Arts Commentary: “Hamilton” — Streaming on Disney Plus,  Feeling Like You’re in the Room Where it Happened.

By Glenn Rifkin

The opportunity to see the culture-changing Broadway phenomenon Hamilton on Disney Plus sucked up all the arts oxygen over the Fourth of July weekend.

A scene from Disney Plus’s Hamilton.

In the midst of the pandemic-induced streaming frenzy of the past five months, the main topic of conversation on most Zoom calls seems to focus on what is worth watching to save us from losing our minds.
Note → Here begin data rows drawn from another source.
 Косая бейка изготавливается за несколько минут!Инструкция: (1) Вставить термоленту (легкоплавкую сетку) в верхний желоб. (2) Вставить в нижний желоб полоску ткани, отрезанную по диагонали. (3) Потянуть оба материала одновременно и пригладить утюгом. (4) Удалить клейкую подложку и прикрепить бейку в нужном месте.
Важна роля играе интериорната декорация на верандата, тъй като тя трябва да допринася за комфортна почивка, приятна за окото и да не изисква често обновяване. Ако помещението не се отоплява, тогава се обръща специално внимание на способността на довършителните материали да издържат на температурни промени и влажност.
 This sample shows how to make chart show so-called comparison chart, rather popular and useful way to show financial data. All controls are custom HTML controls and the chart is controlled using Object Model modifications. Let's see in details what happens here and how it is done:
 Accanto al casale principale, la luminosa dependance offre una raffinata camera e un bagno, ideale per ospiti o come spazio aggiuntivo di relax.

Just when we’re getting down to the dregs (Space Force anyone?), along comes a transcendent viewing experience that rumbles the landscape. The opportunity to see the culture-changing Broadway phenomenon Hamilton on Disney Plus sucked up all the arts oxygen over the Fourth of July weekend. And this was one of the rare occasions where the hype — and there’s never been a show more hyped than Hamilton — was met and surpassed.

This show, about the life and times of Alexander Hamilton, is a work of genius by Lin-Manual Miranda that took Broadway by storm when it opened in February, 2015. I need not offer another review of this hip-hop history lesson that single-handedly thrilled theater goers, took home a truckload of Tony Awards (11), a Pulitzer Prize, and recalibrated ticket pricing on Broadway forever. By early this year, it had grossed $500 million, had three touring companies, and productions in London and Chicago. The cast album has been on the Billboard 200 chart for 246 weeks.
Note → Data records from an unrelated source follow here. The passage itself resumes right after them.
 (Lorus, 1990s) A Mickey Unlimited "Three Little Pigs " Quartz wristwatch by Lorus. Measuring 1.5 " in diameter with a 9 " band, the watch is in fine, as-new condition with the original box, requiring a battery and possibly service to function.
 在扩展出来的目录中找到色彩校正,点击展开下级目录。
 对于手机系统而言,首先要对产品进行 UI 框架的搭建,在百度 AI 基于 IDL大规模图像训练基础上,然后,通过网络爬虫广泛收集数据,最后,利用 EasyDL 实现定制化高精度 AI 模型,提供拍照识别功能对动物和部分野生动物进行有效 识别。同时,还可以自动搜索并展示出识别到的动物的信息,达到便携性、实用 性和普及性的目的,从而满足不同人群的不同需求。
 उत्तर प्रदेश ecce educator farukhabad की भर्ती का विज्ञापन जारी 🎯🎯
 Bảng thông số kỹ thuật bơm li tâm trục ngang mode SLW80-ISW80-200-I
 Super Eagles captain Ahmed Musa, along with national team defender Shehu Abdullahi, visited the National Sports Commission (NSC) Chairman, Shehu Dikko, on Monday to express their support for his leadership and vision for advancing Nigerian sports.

For those who shelled out four-figures per ticket to see this brilliant musical, there was nary a whimper of upset that they’d overspent. Yes, it was distressing that the show priced itself out of the orbit of most theater lovers, or forced us to pony up a year’s worth of arts tickets for a single event. My wife and I saw it in Boston, with the touring company, sitting up in the thin air of the mezzanine, and were thrilled.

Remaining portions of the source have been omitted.